Could Julianne Moore finally win Oscar for her role in movie Still Alice?

Actress Julianne Moore, star of Still Alice, arriving at the 20th Annual Critics' Choice Movie Awards in Los Angeles, California on Jan 15, 2015. This is the fifth time she has been nominated for an Oscar. -- PHOTO: REUTERS
Actress Julianne Moore, star of Still Alice, arriving at the 20th Annual Critics' Choice Movie Awards in Los Angeles, California on Jan 15, 2015. This is the fifth time she has been nominated for an Oscar. -- PHOTO: REUTERS

LOS ANGELES (AFP) - Julianne Moore scored her fifth Oscar nomination on Thursday - and some say her role as a professor with early onset Alzheimer's disease in Still Alice could finally bring her a golden statuette.

In her latest movie, the radiant 54-year-old redhead plays a woman who has everything - love, children and a career, but faces losing it all as she descends into the fog of dementia.

Moore already scooped up a Golden Globe for the role last weekend, on top of the one she won in 2013 for playing Republican vice-presidential candidate Sarah Palin in the HBO film Game Change and a shared Globe for best ensemble cast in 1994 for Short Cuts.

"Thank u everyone for the congratulations! i am so happy i can barely breathe," tweeted Moore, whose rivals in the best actress category include former Oscar-winners Reese Witherspoon and France's Marion Cotillard, along with Britain's Felicity Jones and Rosamund Pike.

In Still Alice, co-directed by married partners Richard Glatzer and Wash Westmoreland, Moore plays a woman who gradually loses that which defined her: her intellect, her ability to communicate, her memories.

She loses her ability to speak, no longer recognises the building where she worked and cannot even find the bathroom in her own home.
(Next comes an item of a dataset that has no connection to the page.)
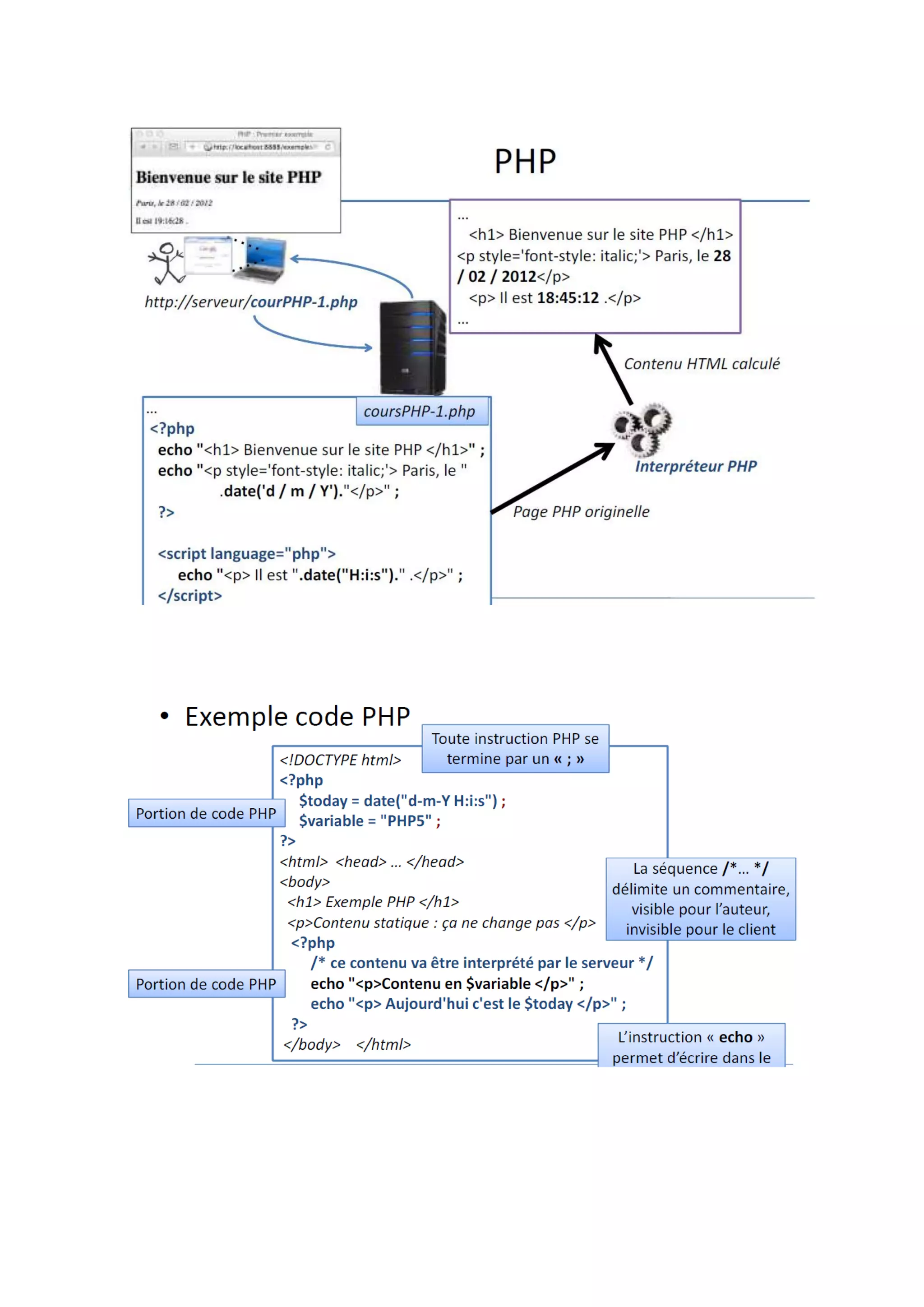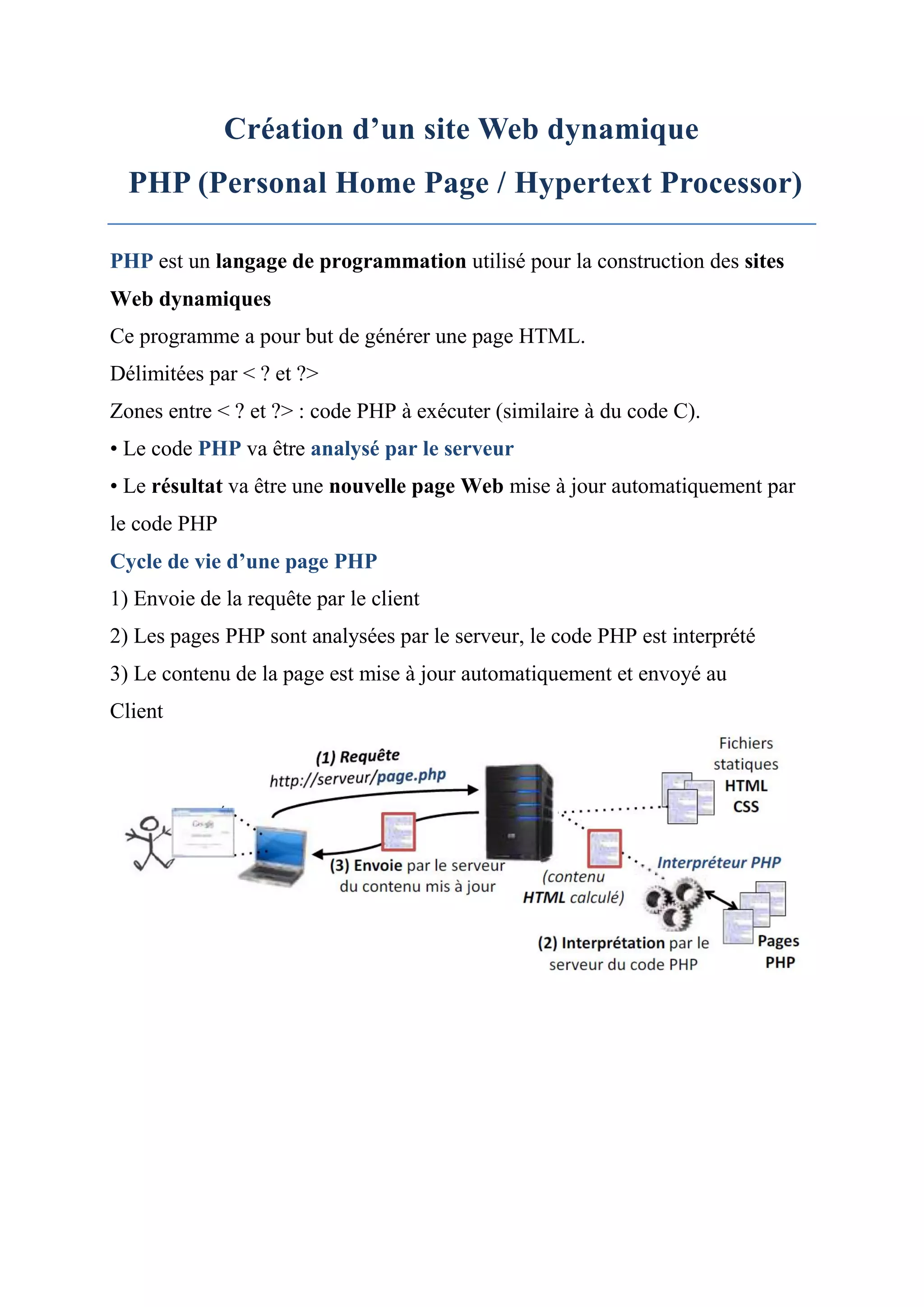 Le document décrit la création d'un site web dynamique en PHP, en expliquant le cycle de vie d'une page PHP et comment interagir avec les utilisateurs via des formulaires HTML. Il présente également des fonctions PHP, des structures conditionnelles, la gestion des sessions et l'accès aux bases de données MySQL et PostgreSQL. Des applications pratiques de scripts PHP illustrent les concepts abordés, tels que le calcul de factorielles et la gestion de sessions utilisateurs.

Her character eventually turns towards suicide. But the film - in which Alec Baldwin plays Moore's husband, and Twilight star Kristen Stewart and Kate Bosworth portray her daughters - works through restraint, rather than through spectacle.

Moore says she did a lot of research for the role. "I went to the Alzheimer's Association... they set me up with women all around the US who had been diagnosed," she said. The women told her how they felt marginalised, in particular after losing a job.

"It is so much a movie about life, love and mortality. And I'm looking a lot at mortality... when I went home, I was so happy to go home and have my husband and my children and my life, and my work," she said. "And I really felt I could take the time to appreciate it... that was the gift of this movie to my life," she added, in a question-and-answer session organised after a screening hosted by industry journal Variety.

The actress, who was first nominated for an Oscar in 1998, for Boogie Nights, added: "What does it feel like, all of a sudden realising the brevity of her time? How does it affect her relationships, how does it affect what she wants to do?"

Thursday's nomination is the first in more than a decade for Moore, who was shortlisted in 2000 for The End Of The Affair, and then earned a double nod in 2003 for The Hours and Far From Heaven.

If she should win her first Oscar on Feb 22, you won't see her with any notes in hand. "That looks so silly. You come up with a piece of paper and you're like, 'I knew it! I knew it!'" she told The Huffington Post after her Globes win for best actress in a drama, besting three of her four Oscar rivals. "I also feel like it's bad juju," she said. "I'm oddly superstitious, too."